▸ MATERIAL TO PROCESS:
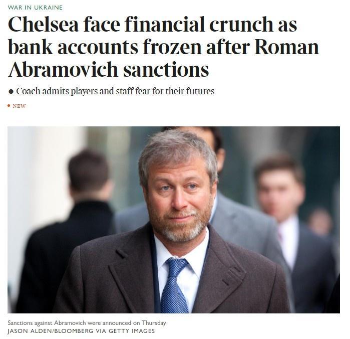 泰晤士:切尔西银行账户被冻结,日常运营面临瘫痪
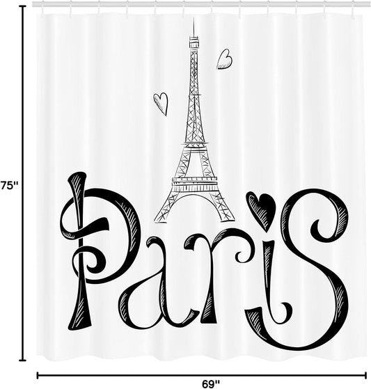 Paris Shower Curtain, Illustration with Eiffel Tower France Heart Shapes Silhouette Vacation Them...
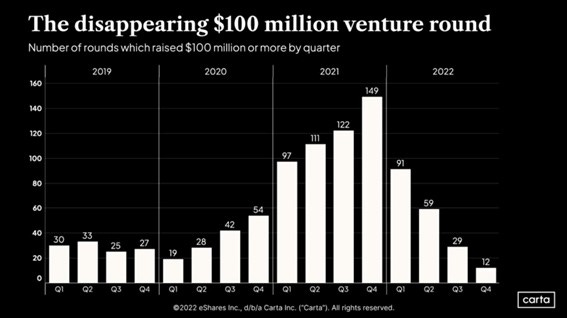 To wrap up, I also saw an interesting graph by Carta this week. It is no news that growth rounds were hit the hardest – in fact, they were down 80% or more in 2022. But, when we look at USD 100mm rounds, the situation was in fact, worse. Q4, for example, was inferior than any other quarter in 2019, 2020 and obviously 2021. From what I can recall, this is the only piece of data that I saw until now that shows a detraction even when comparing to historical levels. The only quarter that came close was the “Covid Quarter” of Q1’20, but even when we look there, there were 19 $100m+ rounds – versus 12 this past quarter.
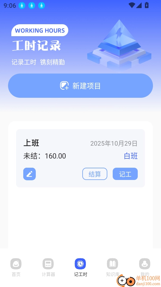 在软件首页底部的菜单栏里,点击“记工时”按钮,即可开展下一步操作。
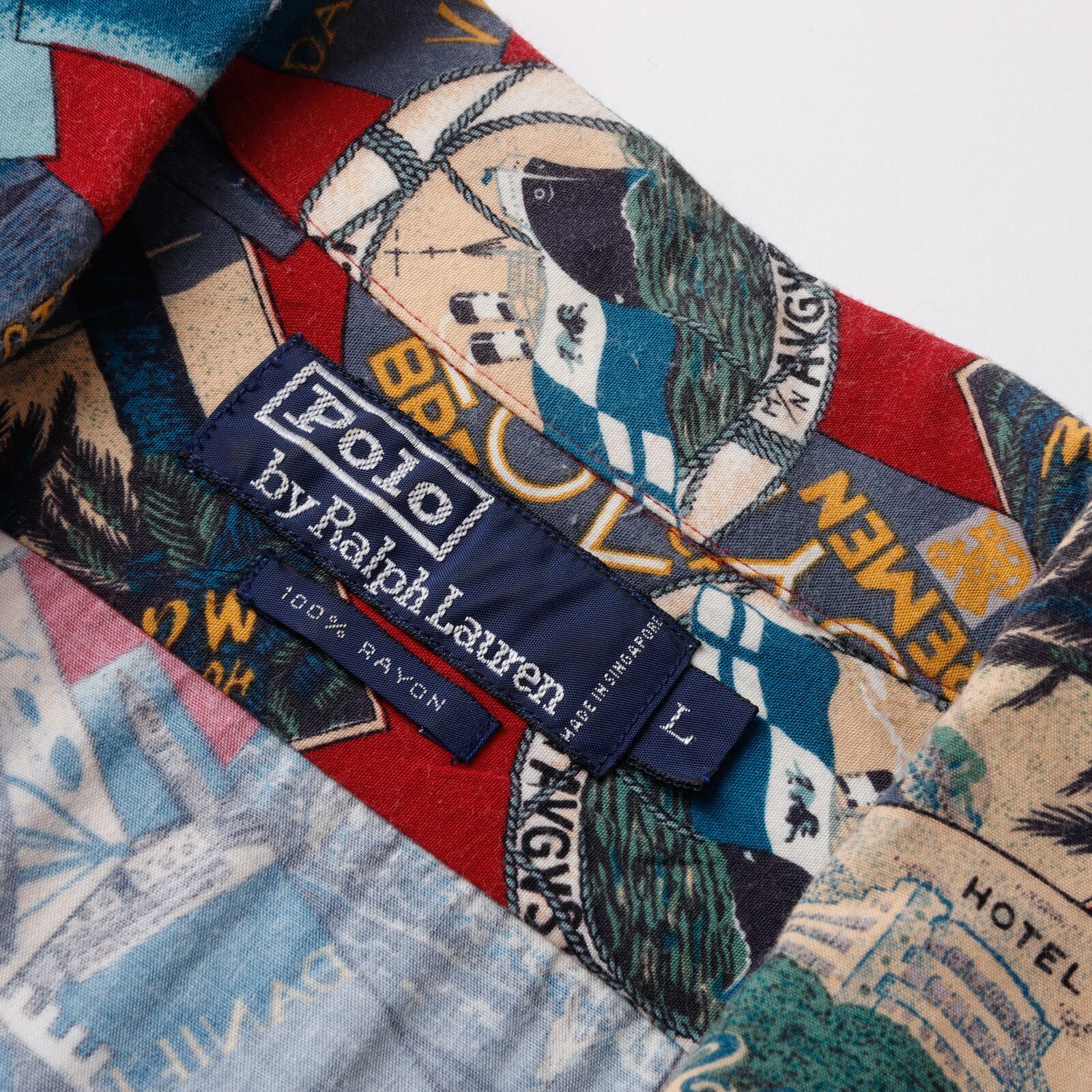 【極美品】90s Ralph Lauren special rayon open collar shirt big size S/S mint condition / ラルフローレン スペシャル レーヨン オープンカラー シャツ ビッグサイズ L サマーシャツ 夏服 ほぼ未使用品
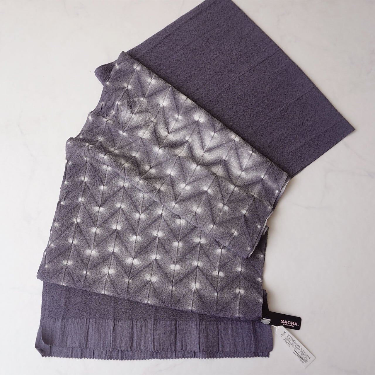 生地に単色で板締め絞りが施されています。
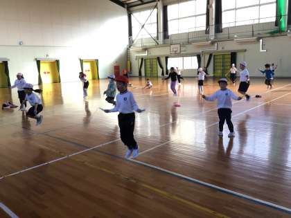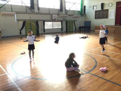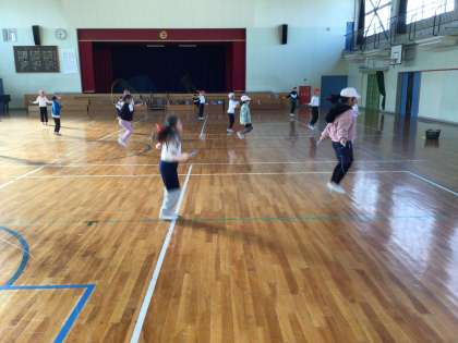 2年生の体育の様子です。体育館中を走り回ったり、縄跳びをいろいろな跳び方で跳んだりして、思い切り身体を動かしました。
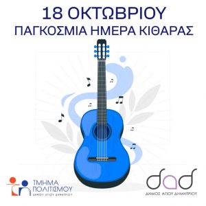 “Το Σάββατο στις 18 Οκτωβρίου και ώρα 12.00 το μεσημέρι στην μεγάλη αίθουσα του Δημοτικού Ωδείου, θα γίνει μια μικρή συναυλία και ομιλία για την Παγκόσμια Ημέρα Κιθάρας, που θα συμμετέχουν καθηγητές καθώς και μαθητές του Ωδείου Αγίου Δημητρίου. Θα προλογίσει ο Καλλιτεχνικός Διευθυντής Δημήτρης Παπαθεοδώρου και βασικός ομιλητής θα είναι ο έφορος κιθάρας του Ωδείου, Βασίλης Μαστοράκης”, αναφέρεται σε ανακοίνωση του Δήμου.
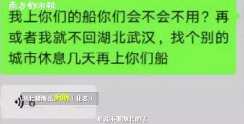 湖北籍海員阿明接受採訪時表示,想上船工作,目前找了四五十家船,中介回復一律都是目前湖北武漢的船員不能接收。具體問什麼原因,中介說船東也有難處,管控很嚴格。
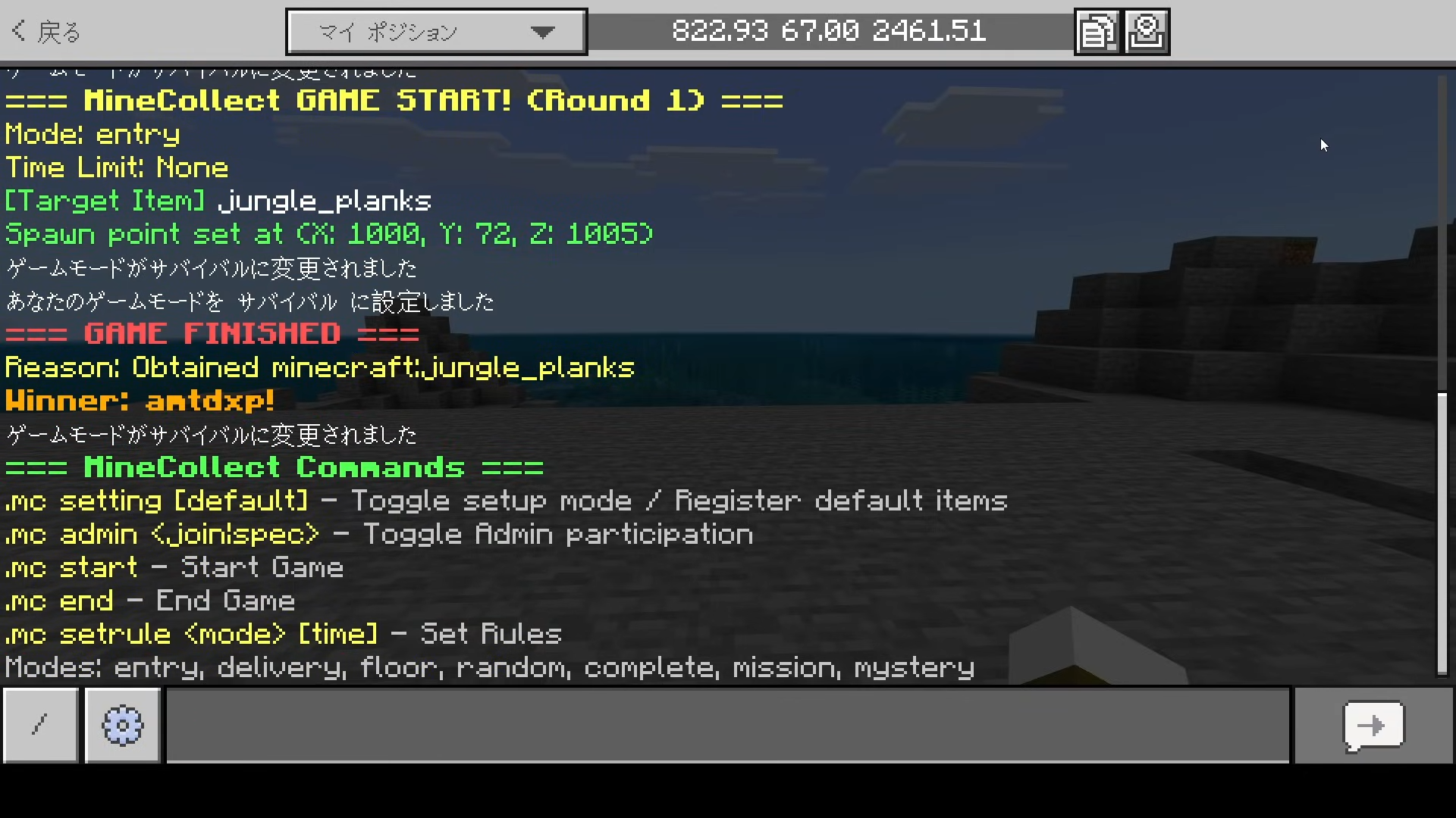 MineCollect Addon (v26) adds item hunting gameplay to the survival mode. Players compete to earn points and rankings on the leaderboard by collecting required items. The system offers 7 different game modes including speed races, transporting items to the finish line, or completing secret item lists.

▸ TRY IT: The lines needed run from the first line of the records through the line containing "ανακοίνωση του Δήμου.", both included. Restate them word for word, without pictures.

▸ OUTPUT FOR THIS EXERCISE:
 泰晤士:切尔西银行账户被冻结,日常运营面临瘫痪
 Paris Shower Curtain, Illustration with Eiffel Tower France Heart Shapes Silhouette Vacation Them...
 To wrap up, I also saw an interesting graph by Carta this week. It is no news that growth rounds were hit the hardest – in fact, they were down 80% or more in 2022. But, when we look at USD 100mm rounds, the situation was in fact, worse. Q4, for example, was inferior than any other quarter in 2019, 2020 and obviously 2021. From what I can recall, this is the only piece of data that I saw until now that shows a detraction even when comparing to historical levels. The only quarter that came close was the “Covid Quarter” of Q1’20, but even when we look there, there were 19 $100m+ rounds – versus 12 this past quarter.
 在软件首页底部的菜单栏里,点击“记工时”按钮,即可开展下一步操作。
 【極美品】90s Ralph Lauren special rayon open collar shirt big size S/S mint condition / ラルフローレン スペシャル レーヨン オープンカラー シャツ ビッグサイズ L サマーシャツ 夏服 ほぼ未使用品
 生地に単色で板締め絞りが施されています。
 2年生の体育の様子です。体育館中を走り回ったり、縄跳びをいろいろな跳び方で跳んだりして、思い切り身体を動かしました。
 “Το Σάββατο στις 18 Οκτωβρίου και ώρα 12.00 το μεσημέρι στην μεγάλη αίθουσα του Δημοτικού Ωδείου, θα γίνει μια μικρή συναυλία και ομιλία για την Παγκόσμια Ημέρα Κιθάρας, που θα συμμετέχουν καθηγητές καθώς και μαθητές του Ωδείου Αγίου Δημητρίου. Θα προλογίσει ο Καλλιτεχνικός Διευθυντής Δημήτρης Παπαθεοδώρου και βασικός ομιλητής θα είναι ο έφορος κιθάρας του Ωδείου, Βασίλης Μαστοράκης”, αναφέρεται σε ανακοίνωση του Δήμου.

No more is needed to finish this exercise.